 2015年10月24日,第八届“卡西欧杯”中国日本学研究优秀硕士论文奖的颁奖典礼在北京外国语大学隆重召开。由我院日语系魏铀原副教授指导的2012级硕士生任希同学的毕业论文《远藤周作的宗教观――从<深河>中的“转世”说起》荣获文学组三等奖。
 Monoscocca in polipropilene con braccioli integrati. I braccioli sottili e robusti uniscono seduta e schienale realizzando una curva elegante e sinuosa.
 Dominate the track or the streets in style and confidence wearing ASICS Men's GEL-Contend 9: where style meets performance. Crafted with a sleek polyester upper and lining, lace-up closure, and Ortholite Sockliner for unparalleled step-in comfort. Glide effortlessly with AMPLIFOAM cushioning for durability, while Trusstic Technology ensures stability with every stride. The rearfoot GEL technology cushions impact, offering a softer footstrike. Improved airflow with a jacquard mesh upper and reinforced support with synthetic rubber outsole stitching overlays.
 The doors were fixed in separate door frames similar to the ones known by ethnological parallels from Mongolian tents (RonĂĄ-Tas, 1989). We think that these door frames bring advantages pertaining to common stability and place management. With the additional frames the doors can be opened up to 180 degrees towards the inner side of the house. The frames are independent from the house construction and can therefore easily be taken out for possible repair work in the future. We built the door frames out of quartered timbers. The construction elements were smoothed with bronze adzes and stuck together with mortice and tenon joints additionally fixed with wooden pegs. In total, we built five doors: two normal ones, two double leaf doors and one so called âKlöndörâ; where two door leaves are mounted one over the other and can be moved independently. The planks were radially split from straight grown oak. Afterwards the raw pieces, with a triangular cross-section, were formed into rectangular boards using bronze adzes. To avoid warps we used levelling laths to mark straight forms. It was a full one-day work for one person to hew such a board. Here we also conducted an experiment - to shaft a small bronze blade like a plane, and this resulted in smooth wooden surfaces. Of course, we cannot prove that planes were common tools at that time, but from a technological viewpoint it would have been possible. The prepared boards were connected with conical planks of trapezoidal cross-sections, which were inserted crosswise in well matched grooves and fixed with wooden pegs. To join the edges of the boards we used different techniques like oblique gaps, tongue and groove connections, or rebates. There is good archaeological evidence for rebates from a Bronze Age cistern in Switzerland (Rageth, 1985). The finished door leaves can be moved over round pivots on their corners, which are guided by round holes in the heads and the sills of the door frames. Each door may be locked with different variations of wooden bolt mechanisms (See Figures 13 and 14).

• _What needs to be done_:
Please return exactly the lines from the opening line of the data above through the line with "Dominate the track", both included and nothing else.

• _Exercise result_:
 2015年10月24日,第八届“卡西欧杯”中国日本学研究优秀硕士论文奖的颁奖典礼在北京外国语大学隆重召开。由我院日语系魏铀原副教授指导的2012级硕士生任希同学的毕业论文《远藤周作的宗教观――从<深河>中的“转世”说起》荣获文学组三等奖。
 Monoscocca in polipropilene con braccioli integrati. I braccioli sottili e robusti uniscono seduta e schienale realizzando una curva elegante e sinuosa.
 Dominate the track or the streets in style and confidence wearing ASICS Men's GEL-Contend 9: where style meets performance. Crafted with a sleek polyester upper and lining, lace-up closure, and Ortholite Sockliner for unparalleled step-in comfort. Glide effortlessly with AMPLIFOAM cushioning for durability, while Trusstic Technology ensures stability with every stride. The rearfoot GEL technology cushions impact, offering a softer footstrike. Improved airflow with a jacquard mesh upper and reinforced support with synthetic rubber outsole stitching overlays.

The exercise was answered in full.